---- Data

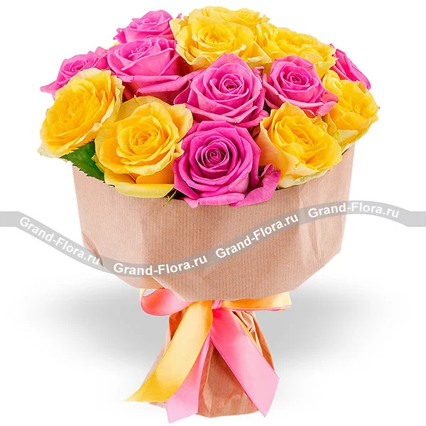 Букет создан из желтых роз и розовых роз сорта Аква, необычное сочетание цвета, придает всей композиции необъяснимую свежесть и притягательность. Стильная крафтовая упаковка и лента в цвет букета, ставит финальный аккорд в концепте букета. Размер зависит от выбранного Вами количества роз. Обращаем Ваше внимание, что состав и оформление букета могут отличаться.
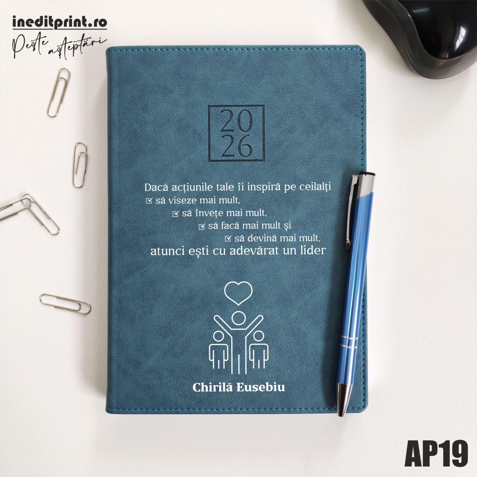 Vă rugăm să selectați modelul de agendă și culoarea dorită. Grafica prezentată ( Lider adevarat ) va fi aplicată pe modelul selectat.
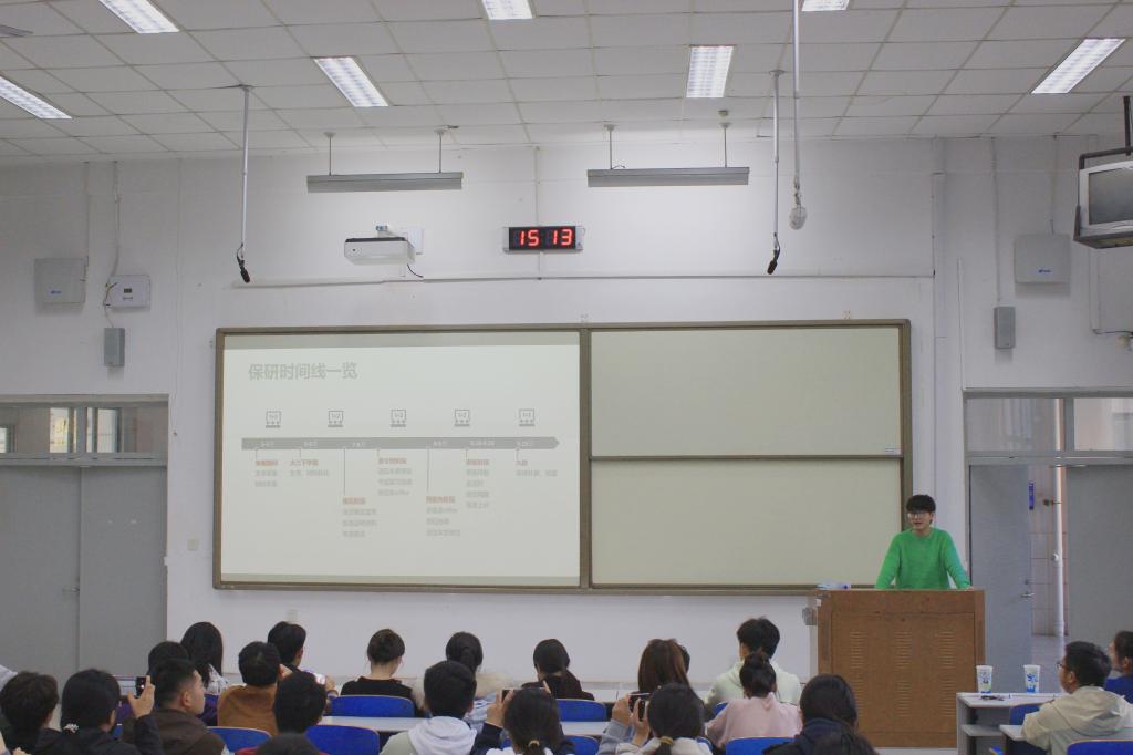 姜逸飞分享了自己大学期间的基本情况,并从日常学习、目标方向、推免政策、学术成绩、科研经历等各方面展开,详细讲解了不同环节时期的注意事项,姜逸飞表示:保研不是一朝一夕的事情,需要同学们早下手、早准备、勤积累,希望同学们都能为了自己的理想而不懈努力。孙悦从保研面试的角度给同学们介绍了相关的经验技巧,如何有针对性地面向不同学校、不同专业做专项准备,如何高效快速掌握专业课知识,如何加深面试官对同学的第一印象……分享的内容细致入微,让同学们对保研面试有了更加深入的了解。安全工程2023-1班崔柏闻同学说:“学长学姐们不仅详细阐述了保研的各项政策与流程,还无私分享了他们在准备保研过程中的心得体会与策略方法,为我们未来的学习生活指明方向,真的受益匪浅。”
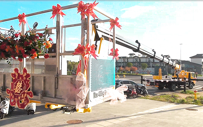 這輛 GKS45A 高空作業(yè)車剛完成交付,客戶便別出心裁地將其打造成婚車。車頭的 “囍” 字鮮艷奪目,車身纏繞的紅綢與花束將機(jī)械的硬朗感與婚禮的浪漫感巧妙融合。在喜慶的音樂與路人的祝福中,它行駛在婚車隊(duì)列之首,成為新人幸福旅程的 “硬核” 見證者。
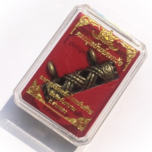 The creation of this Wicha, was assisted with the collaboration of four other temples; Wat Taep Sirintrawas, Wat Pha Moke, Wat Yang, Wat Daeng Pracharat, and Wat Po Gao Dton. Sacred Yantra Foils with Khom Sorcery and Buddhist Blessings were inscribed by a number of Ordained Masters and donated for smelting into the Sacred Chanuan Muan Sarn Metallic Alchemical Alloy to be used for the casting of the Takrut Yant Takror.
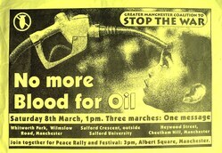 Scope and ContentPoster with an image of a child with a petrol nozzle to his head and the text: No more blood for oil. Saturday 8th March, 1pm. Three marches: one message. Join together for peace rally and festival: 3pm Albert Square, Manchester. With details of the starting points of the three marches
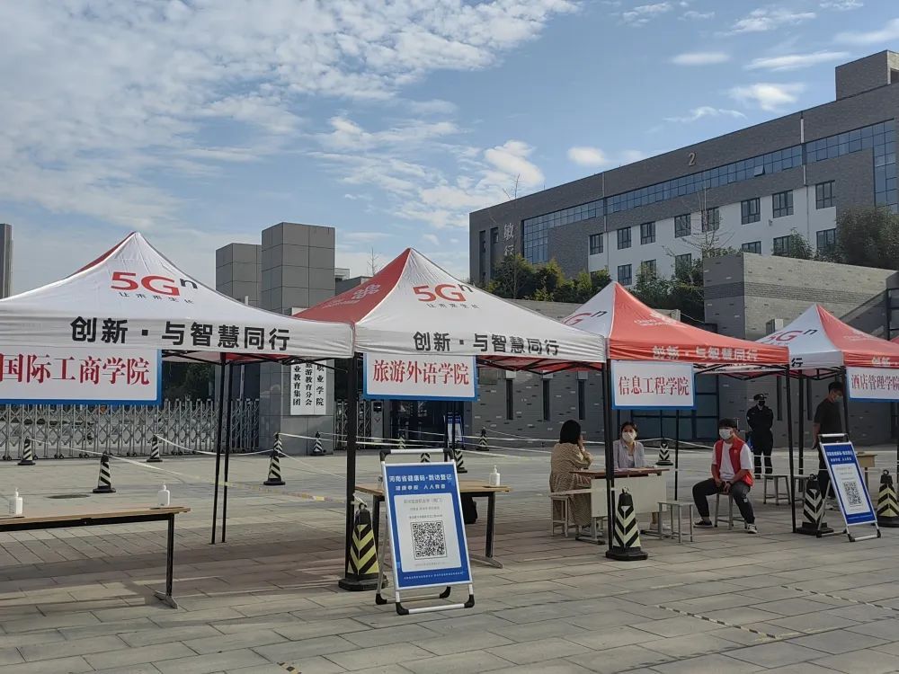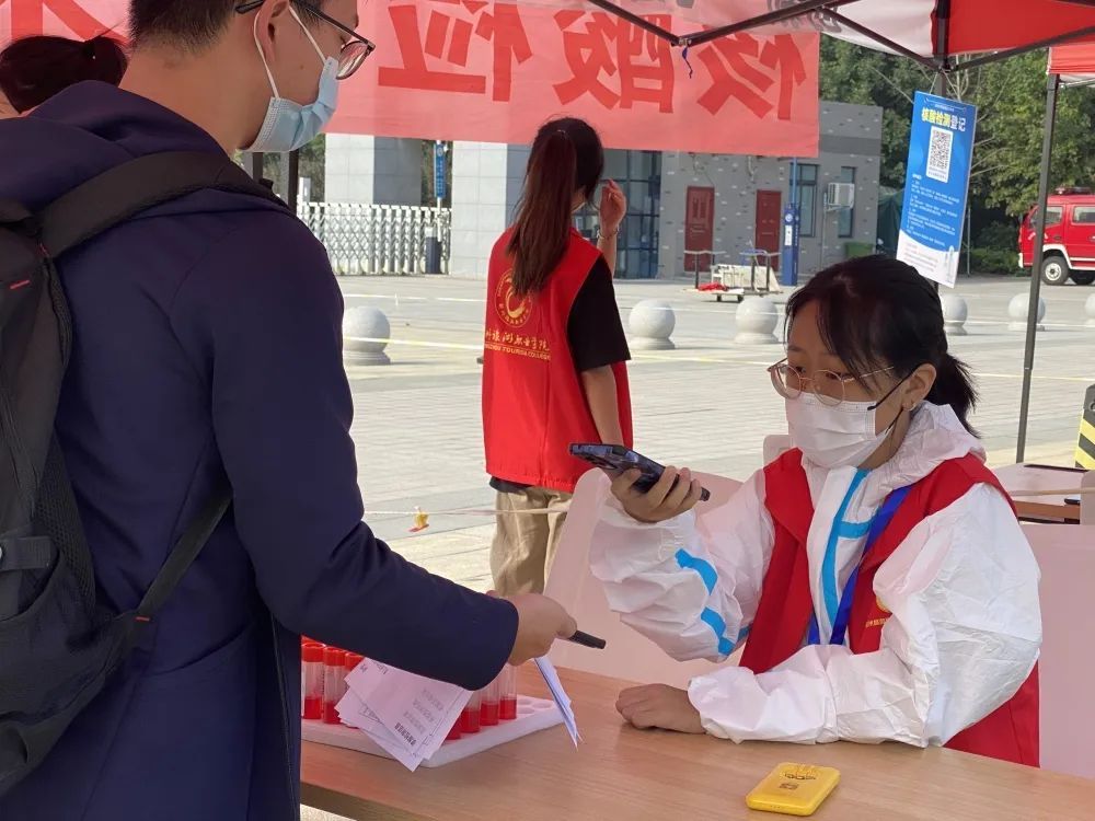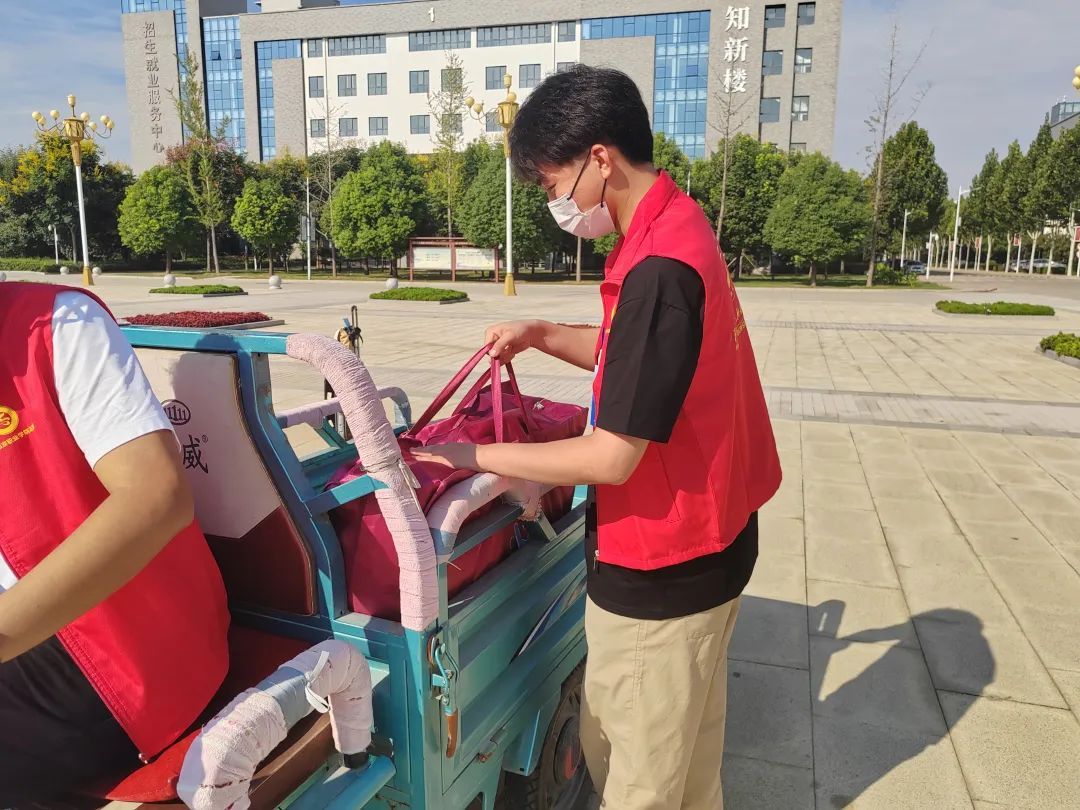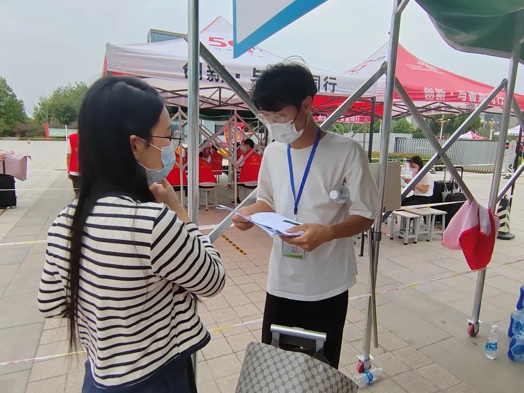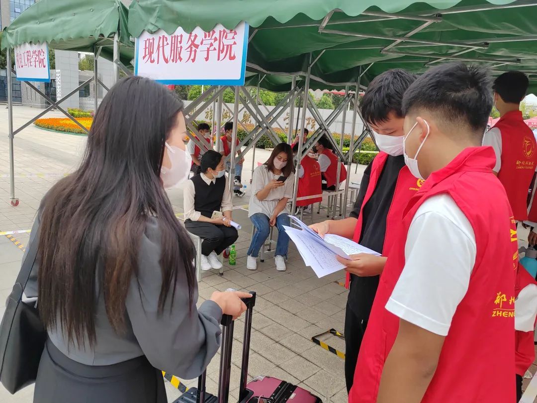 以心迎生,志愿先行。为助力老生顺利返校,让老生感受到学校的温暖,开启崭新的学期,校团委组织志愿者队开展迎接老生志愿活动。为积极响应学校疫情防控规定,全体师生全程佩戴口罩,志愿者工作在南门开展,并配有小推车。早晨7点20分,各位志愿者便已经迎着习习秋风在自己的岗位严阵以待了,他们身着统一红色志愿服,在做好个人防护的情况下,保障校门口出入的通畅,积极为返校老生服务,入校引导、测温消毒、审核健康档案、核酸检测、行李托运等系列志愿服务工作。暖心助人、热情奉献的“红马甲”成为青春校园里一道亮丽的风景线。
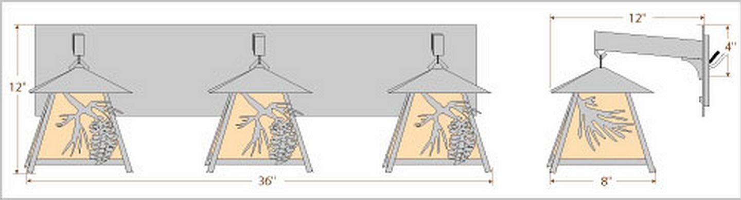 The Smoky Mtn Triple Bath Vanity Light - 3D Spruce Cone features three Smoky Mtn small lanterns hanging at a slight upward angle from three steel arms. Our exclusive Spruce Cone image is featured on the front panels, with spruce needle images on the sides of each lantern. The lanterns also come with a diffuser material choice between Almond or Amber mica. The fixture attaches to the wall with a separate 4-inch tall fireplate, which allows for either a direct placement over a junction box, or 8 inches to the left or right of center. This bathroom light is ideal for bringing a rustic character to any log home, cabin or northwood lodge-themed room. Hardwire is standard.
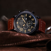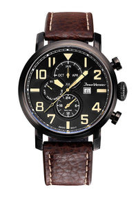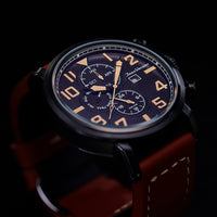 Relógio com caixa de aço preto, prata ou ouro rosê 316L, 47mm de diâmetro, mostrador preto, azul ou marrom contadores pintados em alto relevo, calendário, pulseira de couro nas preta, azul , marrom claro ou marrom escuro com peso branco.
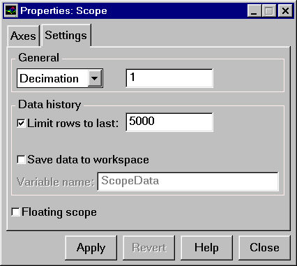 Mit einem Klick auf den "Settings"-Reiter kommen weitere Parameter zum Vorschein, von denen hier nur der Punkt "Save data to workspace" näher betrachtet werden soll.
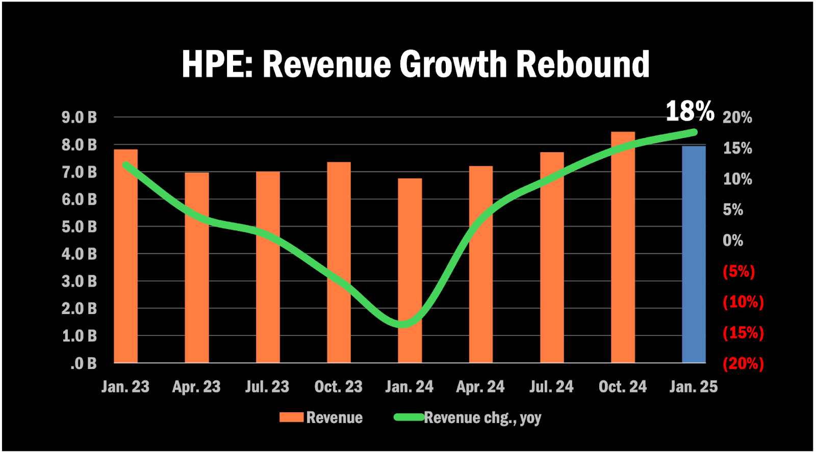 But who cares about estimates, really? The real story is that HPE has quickly carved out a dominant position in AI infrastructure, fueling record quarterly revenue of $8.5 billion in Q4 2024, up 15% year-over-year. AI systems revenue hit $1.5 billion last quarter, a 16% sequential increase, with backlog exceeding $3.5 billion. HPE’s AI business remains resilient despite a puzzling $700 million order "de-book" last quarter (a mystery we wrote about on December 8, 2024). HPE cited unspecified "risk" as the reason, but bookings rebounded post-quarter, bringing AI backlog back to $3.5 billion.

--------

What to do >> Please print the lines above word for word, starting at the one with "The Smoky Mtn" and ending at the one with "Mit einem Klick", both included, and without any picture.

Response area >>
 The Smoky Mtn Triple Bath Vanity Light - 3D Spruce Cone features three Smoky Mtn small lanterns hanging at a slight upward angle from three steel arms. Our exclusive Spruce Cone image is featured on the front panels, with spruce needle images on the sides of each lantern. The lanterns also come with a diffuser material choice between Almond or Amber mica. The fixture attaches to the wall with a separate 4-inch tall fireplate, which allows for either a direct placement over a junction box, or 8 inches to the left or right of center. This bathroom light is ideal for bringing a rustic character to any log home, cabin or northwood lodge-themed room. Hardwire is standard.
 Relógio com caixa de aço preto, prata ou ouro rosê 316L, 47mm de diâmetro, mostrador preto, azul ou marrom contadores pintados em alto relevo, calendário, pulseira de couro nas preta, azul , marrom claro ou marrom escuro com peso branco.
 Mit einem Klick auf den "Settings"-Reiter kommen weitere Parameter zum Vorschein, von denen hier nur der Punkt "Save data to workspace" näher betrachtet werden soll.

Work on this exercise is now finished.